** THE INPUT follows **

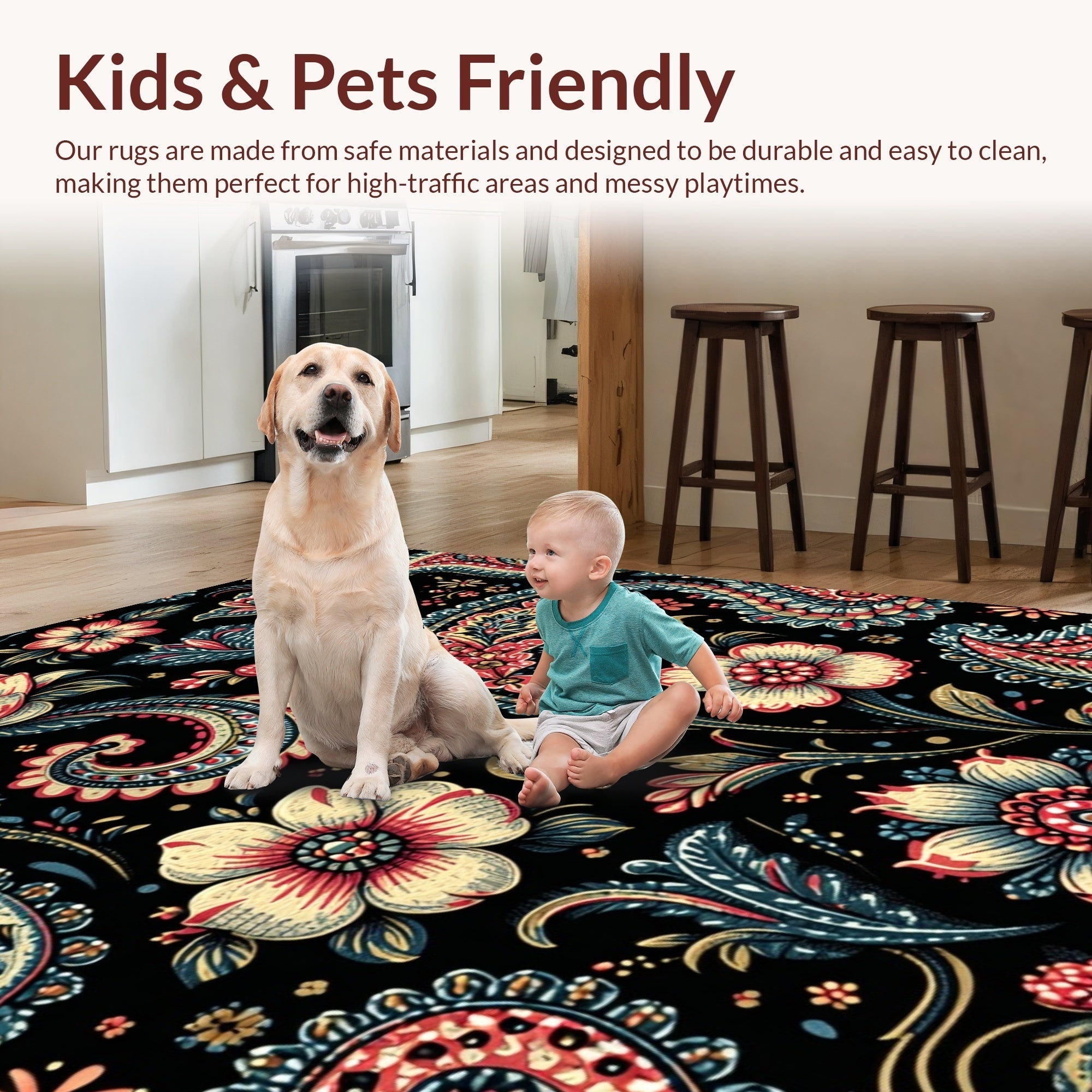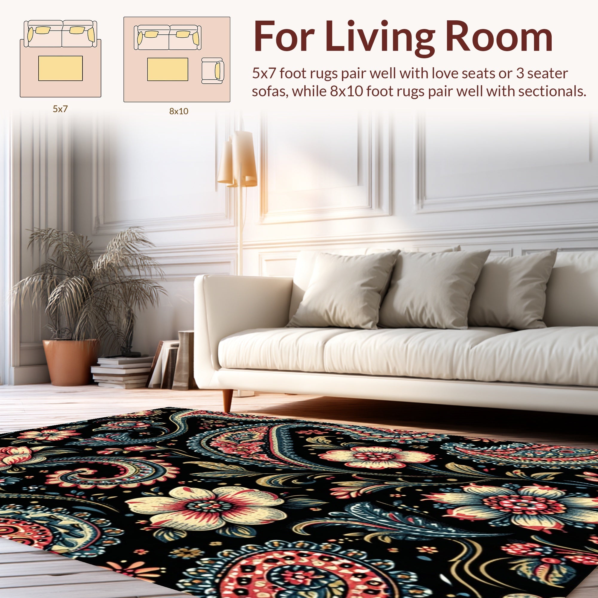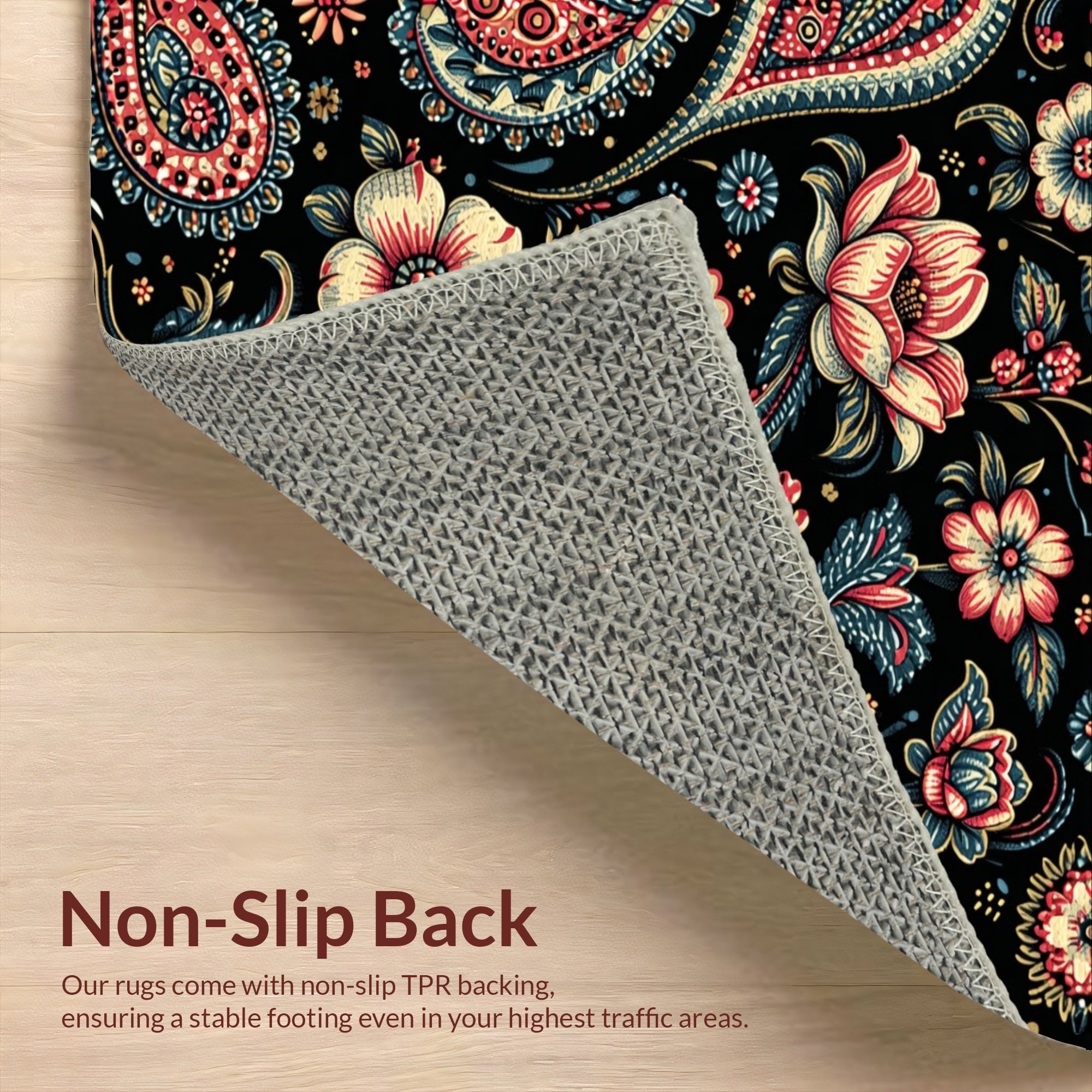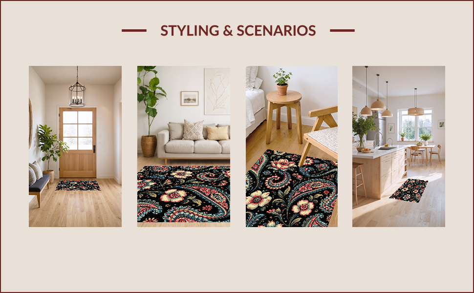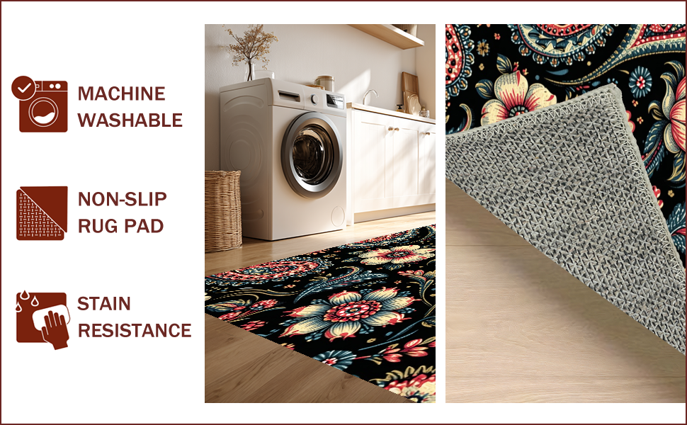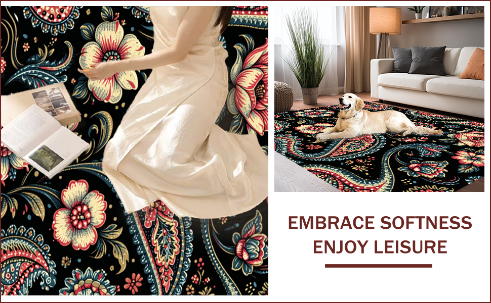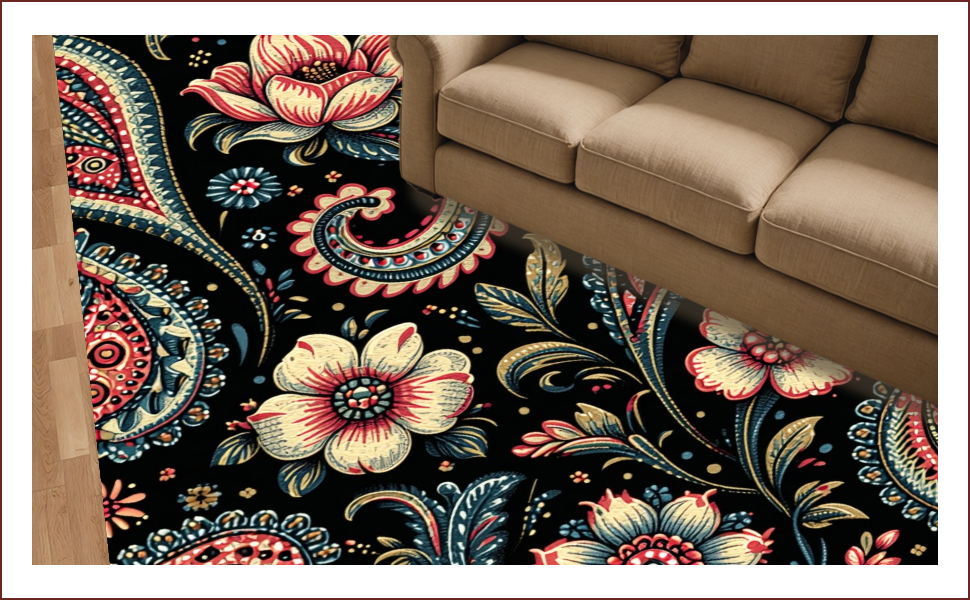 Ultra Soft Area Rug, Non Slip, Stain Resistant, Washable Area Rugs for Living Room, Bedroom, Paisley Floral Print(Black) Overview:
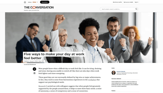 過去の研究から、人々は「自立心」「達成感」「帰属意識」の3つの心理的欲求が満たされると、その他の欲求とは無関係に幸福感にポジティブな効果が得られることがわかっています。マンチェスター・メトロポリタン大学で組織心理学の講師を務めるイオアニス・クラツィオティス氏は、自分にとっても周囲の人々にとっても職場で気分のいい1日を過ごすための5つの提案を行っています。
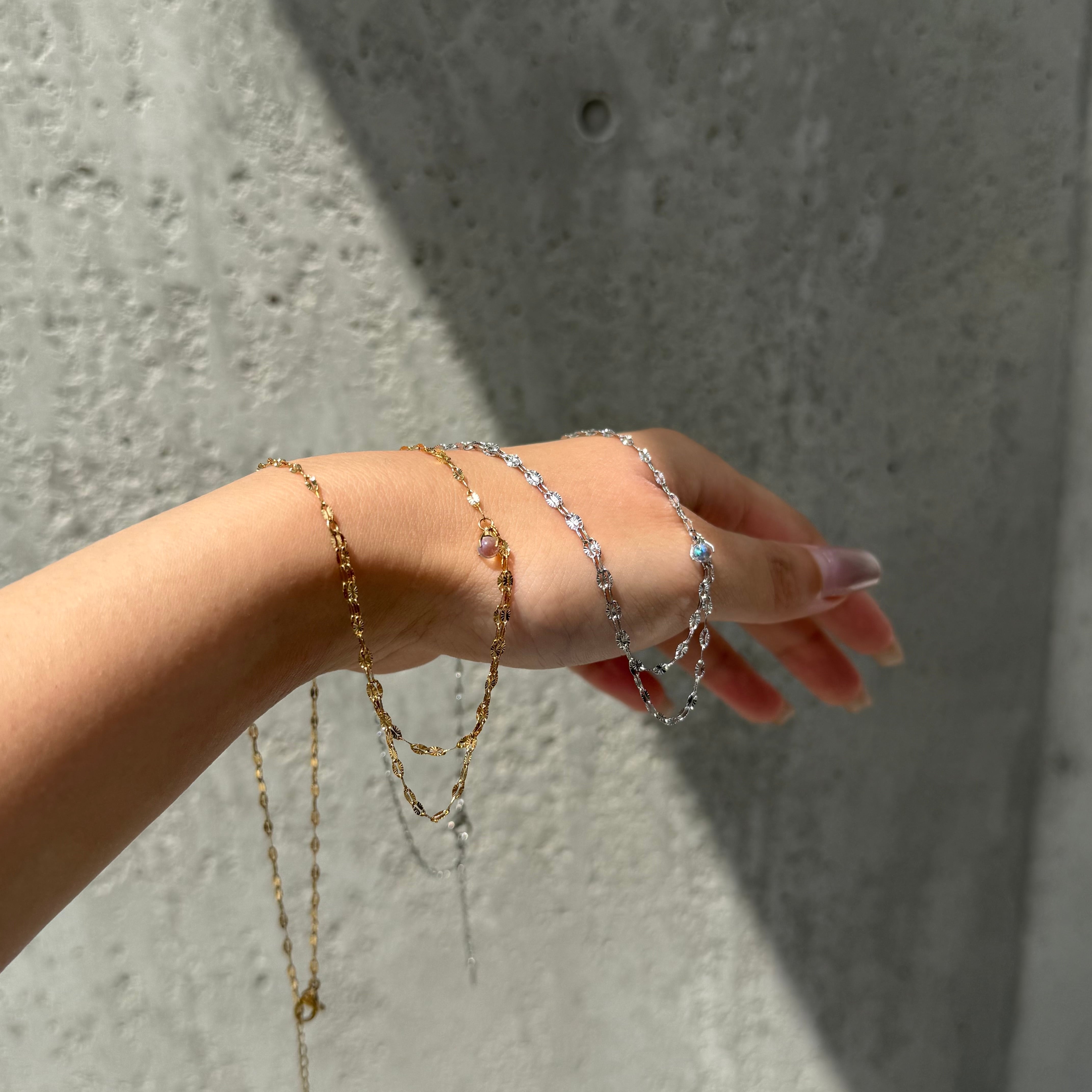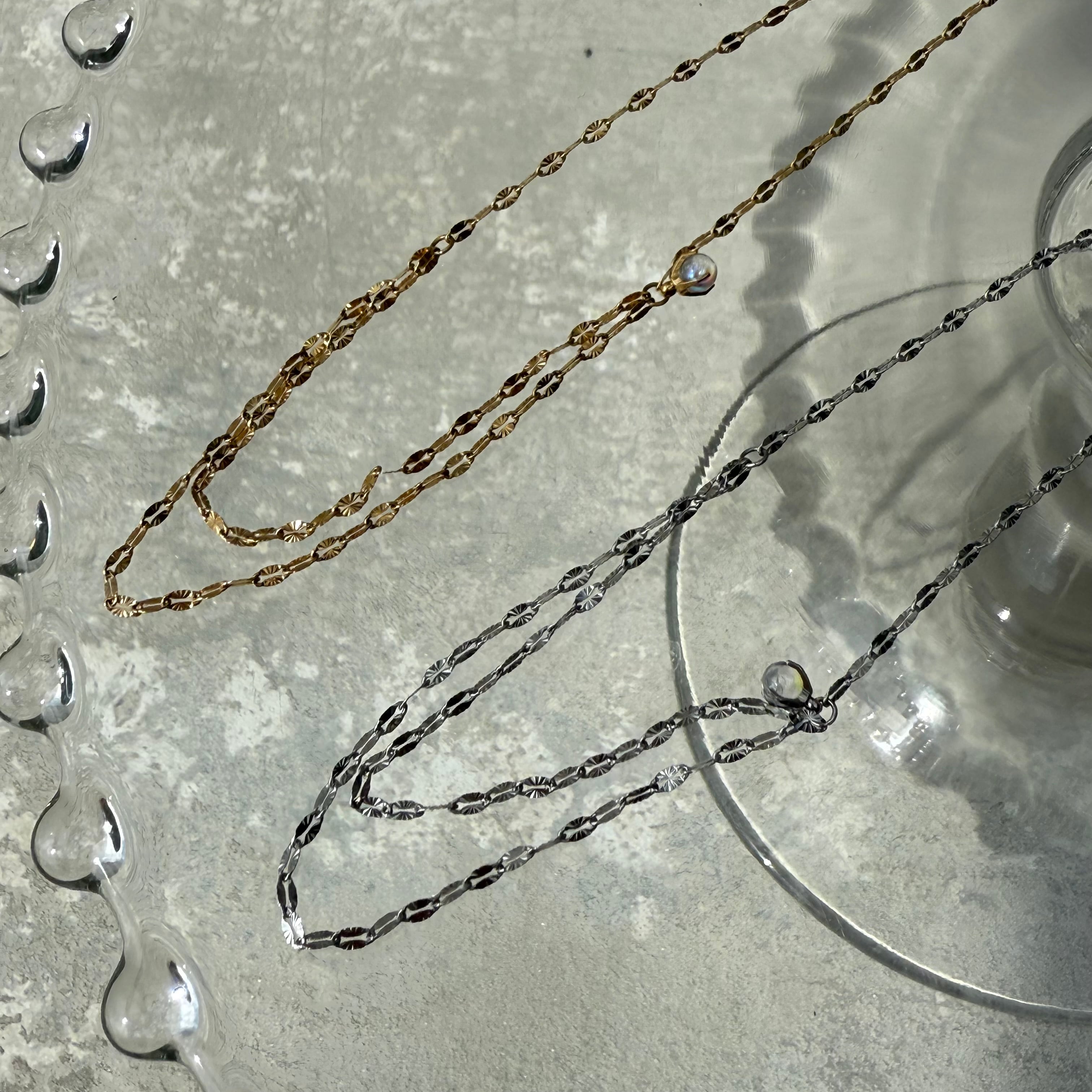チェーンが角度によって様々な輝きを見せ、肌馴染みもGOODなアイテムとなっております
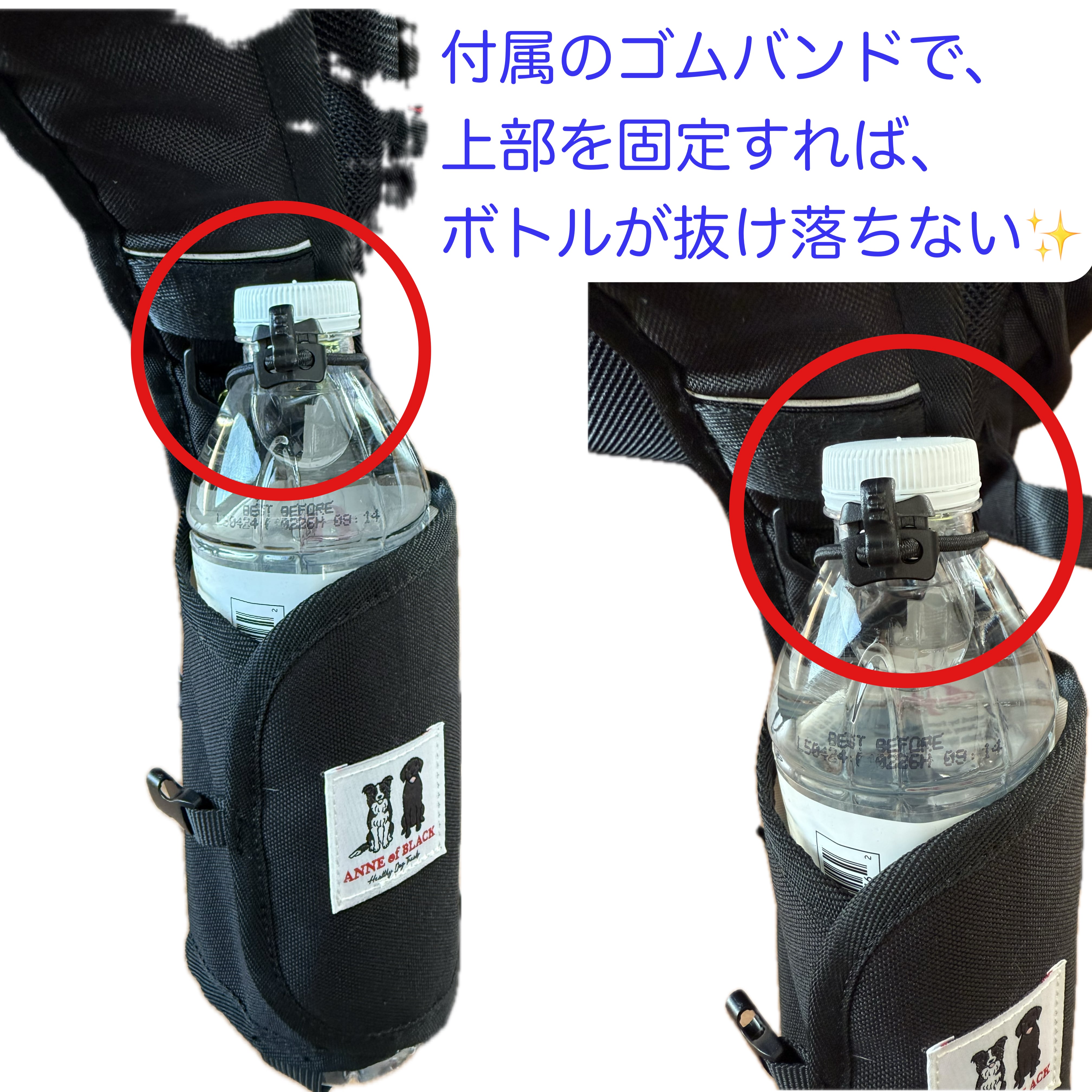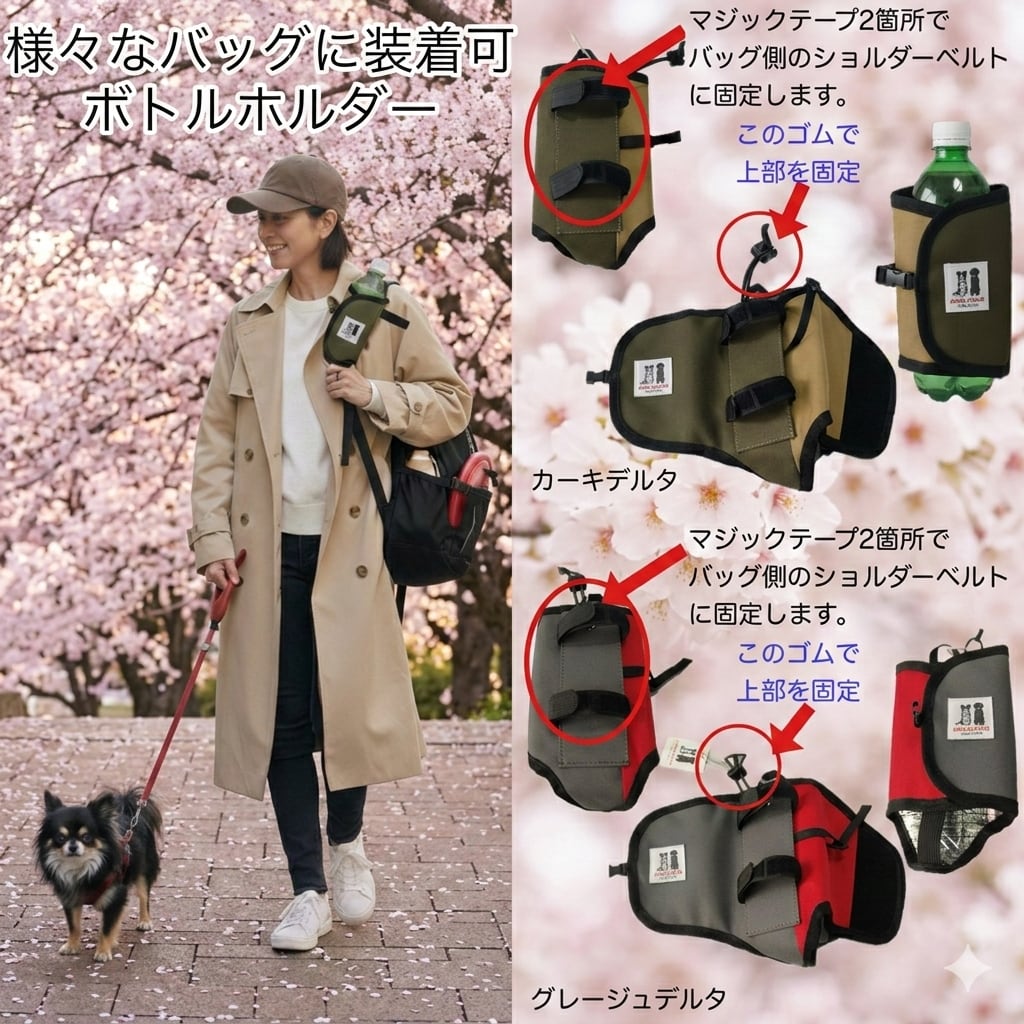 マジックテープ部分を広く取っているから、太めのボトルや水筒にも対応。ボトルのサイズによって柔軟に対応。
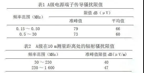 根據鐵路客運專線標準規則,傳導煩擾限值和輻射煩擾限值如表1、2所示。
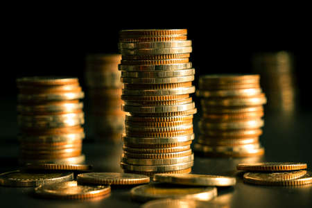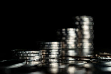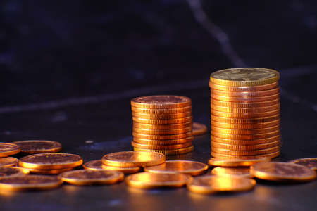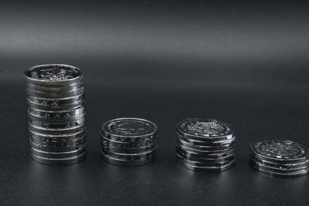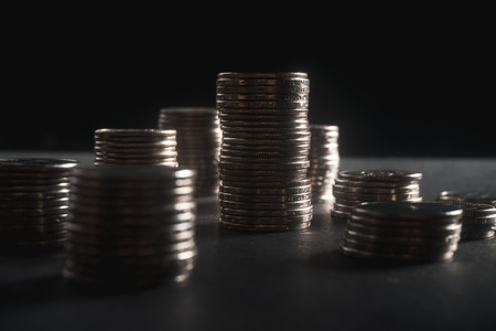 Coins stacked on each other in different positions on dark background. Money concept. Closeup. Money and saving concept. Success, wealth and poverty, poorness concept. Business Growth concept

** End of THE INPUT **

Print nothing but the lines above starting with the line that contains "チェーンが角度によって様々な" and going on through the line that contains "根據鐵路客運專線標準規則,傳導煩擾限值和輻射煩擾限值如表1、2所示。". Leave out the pictures.

チェーンが角度によって様々な輝きを見せ、肌馴染みもGOODなアイテムとなっております
 マジックテープ部分を広く取っているから、太めのボトルや水筒にも対応。ボトルのサイズによって柔軟に対応。
 根據鐵路客運專線標準規則,傳導煩擾限值和輻射煩擾限值如表1、2所示。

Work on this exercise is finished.